The Rental Truck

Hinton had rented the moving truck for four days and 1350 miles. Even with fuel, insurance, hotels, and food, it was cheaper to rent a round trip truck than a one-way, so he went with it. Three hundred of the additional $350 insurance he purchased would be returned to him if he came back with no accidents or moving violations. Otherwise, he’d have to forfeit that amount and possibly pay additional damages over $10,000.

The move itself was uneventful but tedious as most moves are. Loading, travel, staying in hotels, being cautious every step of the way and then unloading and returning the truck. He took his 15-year-old son, Ben, on the return trip back to keep him company. They’d finish the trip by driving their car back, hauling the very last of the breakables.

“What kind of arrangement do you have that you could drive this back and for the rental company to still make out?” Ben asked.

“I don’t know, Son. Screwy if you ask me, all that extra mileage.

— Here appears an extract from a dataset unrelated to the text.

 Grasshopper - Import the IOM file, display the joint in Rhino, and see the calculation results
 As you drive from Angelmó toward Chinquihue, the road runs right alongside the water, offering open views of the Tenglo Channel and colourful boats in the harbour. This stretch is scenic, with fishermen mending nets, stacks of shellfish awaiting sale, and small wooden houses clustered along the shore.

But I don’t make the rules or the fares,” said Hinton. “I ran the numbers and I’d come out ahead by a couple hundred dollars, that is, if I can return this with no accidents or damages.”

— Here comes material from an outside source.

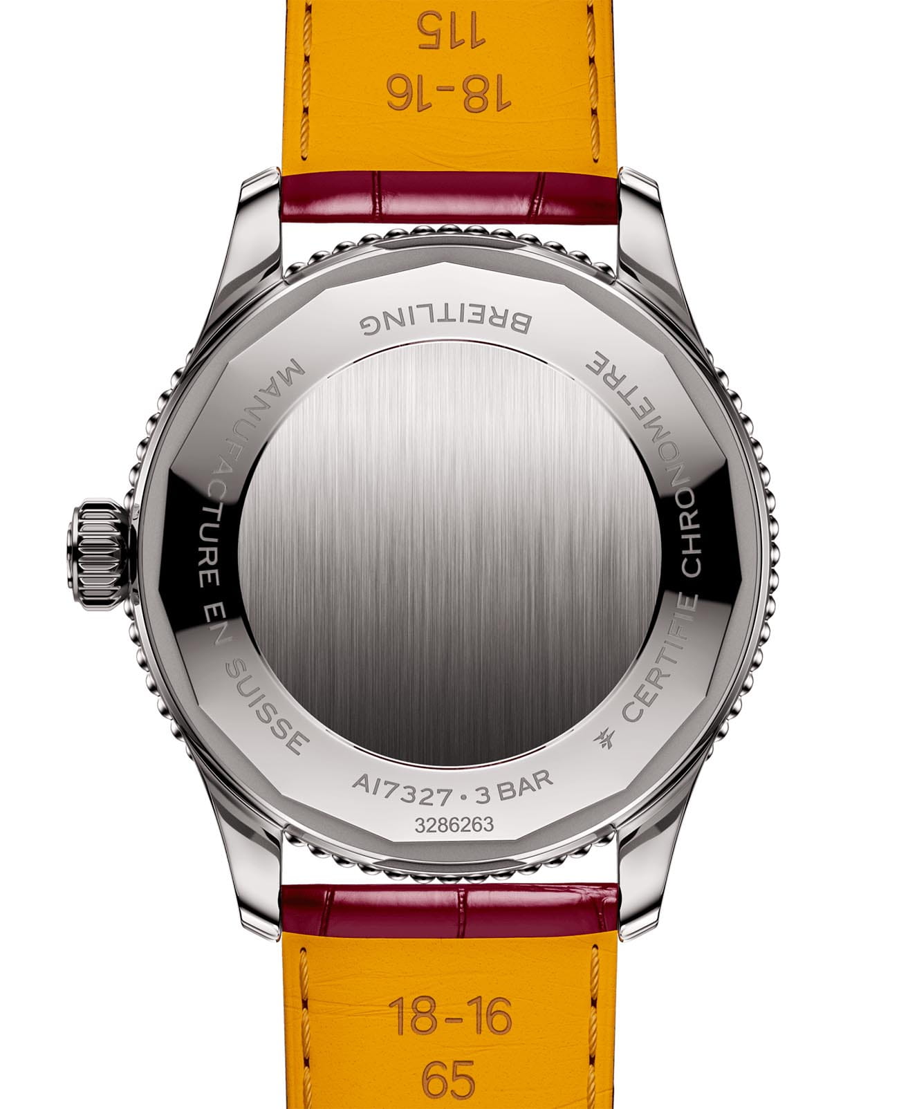 Швейцарские унисекс часы-хронометр Breitling Navitimer Automatic 36 A17327211G1P1, механический механизм (автоматический калибр) с высокой точностью. Сапфировое стеклоСапфировое стеклоПрочный и надёжный материал из кристалла сапфира синтетического происхождения, характеризующийся особой твёрдостью и устойчивостью к царапинам и повреждениям. устойчивое к появлению царапин, обладающее высокой прозрачностью. Класс водозащиты: 30 метров, позволит защитить корпус от случайных брызг или капель дождя. Корпус часов изготовлен из нержавеющей стали. Ремешок из кожи аллигатора с раскладной застёжкойРаскладная застёжкаТакой тип застёжки используется только на браслетах из металла. Она никогда не раскрывается полностью, происходит разделение на 2 и более частей. Раскладывающая застёжка снизит вероятность потери часов к минимуму.. Часы оснащены логарифмической линейкой. Стрелки с люминесцентным покрытиемЛюминесцентное покрытиеПозволяет считывать показания времени в темноте. Производители наносят на стрелки, часовые индексы, безель или поверхность циферблата светонакопительный состав, дающий холодное свечение..
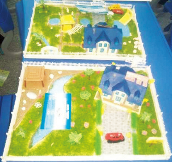 “在我的想象中,巴黎春天,应该有盎然春色和浪漫的景致。”于是,尹芊冉在脑海中,勾勒出绿油的草坪、蜿蜒的小河。蓝瓦、白墙、灰檐的小屋,也是整个建筑的主要一景。屋顶上装有一台太阳能,节能环保,是用纸盒剪制而成。后花园中,除了一座长满青苔的假山,还建有一架风车。有山有水,怎能没有树呢?于是,她又种上绿树和红花。看!一片春色盎然。

Ben said, “So far so good and we’ve got less than a hundred miles to go.”

“Don’t jinx me now.”

As Hinton pulled the truck into the office to check it in, he raised his eyes toward heaven with a smile on his face, proud that he had been cautious the whole way and that the truck made it there in one piece. Just as he was ready to let out a huge sigh of relief, the truck came to an abrupt stop. Ben’s glasses went flying and Hinton banged his head against the steering wheel. No airbags were deployed. After making sure his son was fine, Hinton staggered out of the truck and examined the damages. The roof of the truck rolled up like a can of sardines for about a full foot. Ben came around to his father.

The drive-thru overhang signage noted in large lettering that the rental office was four inches smaller than the height of his truck.

“What a horrible design,” Hinton said.

Ben said, “Naa, Dad. Looks like a feature to me, not a flaw. My guess is the office folks will say they’ve been meaning to get that roof raised.”

Hinton put his arm around his son and said, “You’re learning, son. A bit cynical, perhaps, but learning.”